▸ **Exercise objective**
Search term "schody": please show all lines in the listing that contain it.

▸ **Extracted information**

═══

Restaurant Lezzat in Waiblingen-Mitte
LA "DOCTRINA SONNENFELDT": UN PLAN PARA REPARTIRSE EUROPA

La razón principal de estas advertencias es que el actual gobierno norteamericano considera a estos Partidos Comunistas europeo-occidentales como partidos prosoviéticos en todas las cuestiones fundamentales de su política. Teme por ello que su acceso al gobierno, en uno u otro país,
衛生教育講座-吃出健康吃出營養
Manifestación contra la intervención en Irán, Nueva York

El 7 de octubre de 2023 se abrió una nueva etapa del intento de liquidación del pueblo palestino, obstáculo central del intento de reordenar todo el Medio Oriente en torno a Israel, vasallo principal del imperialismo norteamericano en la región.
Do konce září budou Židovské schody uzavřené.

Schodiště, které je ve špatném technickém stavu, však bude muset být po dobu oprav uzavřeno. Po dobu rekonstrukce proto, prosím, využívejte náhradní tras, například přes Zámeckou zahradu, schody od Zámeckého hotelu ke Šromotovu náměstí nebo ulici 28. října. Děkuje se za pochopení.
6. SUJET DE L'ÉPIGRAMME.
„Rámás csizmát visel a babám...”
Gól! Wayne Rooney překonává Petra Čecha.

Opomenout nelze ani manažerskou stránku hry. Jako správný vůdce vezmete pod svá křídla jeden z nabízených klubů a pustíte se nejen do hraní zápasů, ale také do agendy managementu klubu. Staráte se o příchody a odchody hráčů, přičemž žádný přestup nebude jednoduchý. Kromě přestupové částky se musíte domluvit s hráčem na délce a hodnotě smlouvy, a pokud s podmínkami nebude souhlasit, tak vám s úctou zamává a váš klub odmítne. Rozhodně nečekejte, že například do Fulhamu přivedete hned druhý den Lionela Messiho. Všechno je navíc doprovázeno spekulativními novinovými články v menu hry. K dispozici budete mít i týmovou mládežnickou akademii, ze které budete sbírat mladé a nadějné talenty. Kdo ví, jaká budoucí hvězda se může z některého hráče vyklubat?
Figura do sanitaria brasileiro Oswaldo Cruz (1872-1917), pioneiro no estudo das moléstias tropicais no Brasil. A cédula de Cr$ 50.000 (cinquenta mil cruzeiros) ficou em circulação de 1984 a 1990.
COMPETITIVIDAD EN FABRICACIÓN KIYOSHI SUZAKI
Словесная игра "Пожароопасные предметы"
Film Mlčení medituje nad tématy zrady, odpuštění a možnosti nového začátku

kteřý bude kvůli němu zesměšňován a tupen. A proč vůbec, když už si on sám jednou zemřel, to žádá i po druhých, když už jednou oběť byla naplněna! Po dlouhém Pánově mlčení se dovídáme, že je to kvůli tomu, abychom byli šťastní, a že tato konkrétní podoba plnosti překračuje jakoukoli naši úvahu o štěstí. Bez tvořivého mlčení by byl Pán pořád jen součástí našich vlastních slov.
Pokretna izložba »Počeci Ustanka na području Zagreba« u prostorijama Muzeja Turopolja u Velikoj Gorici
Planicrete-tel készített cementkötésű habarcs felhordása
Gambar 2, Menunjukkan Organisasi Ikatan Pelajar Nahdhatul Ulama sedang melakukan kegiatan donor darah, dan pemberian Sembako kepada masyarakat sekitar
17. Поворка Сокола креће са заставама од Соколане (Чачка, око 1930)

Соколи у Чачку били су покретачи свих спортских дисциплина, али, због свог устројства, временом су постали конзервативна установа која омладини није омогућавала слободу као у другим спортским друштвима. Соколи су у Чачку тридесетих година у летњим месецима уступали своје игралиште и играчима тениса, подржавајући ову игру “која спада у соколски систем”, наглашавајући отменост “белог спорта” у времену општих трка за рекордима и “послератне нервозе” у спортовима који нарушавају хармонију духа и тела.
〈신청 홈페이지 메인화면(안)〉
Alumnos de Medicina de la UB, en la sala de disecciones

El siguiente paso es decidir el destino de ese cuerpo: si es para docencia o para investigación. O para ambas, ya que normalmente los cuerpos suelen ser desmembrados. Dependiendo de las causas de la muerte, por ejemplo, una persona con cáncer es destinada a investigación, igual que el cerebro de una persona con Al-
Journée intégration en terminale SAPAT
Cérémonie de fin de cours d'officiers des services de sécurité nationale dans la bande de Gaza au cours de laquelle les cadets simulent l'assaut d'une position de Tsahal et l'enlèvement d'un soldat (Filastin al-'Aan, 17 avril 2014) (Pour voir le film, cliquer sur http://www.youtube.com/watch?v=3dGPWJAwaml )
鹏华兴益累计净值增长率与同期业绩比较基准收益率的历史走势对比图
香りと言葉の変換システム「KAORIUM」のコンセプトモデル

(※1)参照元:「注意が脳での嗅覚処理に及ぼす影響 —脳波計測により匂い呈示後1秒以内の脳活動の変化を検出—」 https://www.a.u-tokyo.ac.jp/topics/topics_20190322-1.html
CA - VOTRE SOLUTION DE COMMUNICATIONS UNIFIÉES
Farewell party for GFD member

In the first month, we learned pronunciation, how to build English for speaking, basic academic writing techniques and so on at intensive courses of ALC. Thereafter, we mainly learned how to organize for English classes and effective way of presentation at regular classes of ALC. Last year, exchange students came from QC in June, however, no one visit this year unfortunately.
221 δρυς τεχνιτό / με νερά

═══

▸ **Solution to this task**
Do konce září budou Židovské schody uzavřené.
Schodiště, které je ve špatném technickém stavu, však bude muset být po dobu oprav uzavřeno. Po dobu rekonstrukce proto, prosím, využívejte náhradní tras, například přes Zámeckou zahradu, schody od Zámeckého hotelu ke Šromotovu náměstí nebo ulici 28. října. Děkuje se za pochopení.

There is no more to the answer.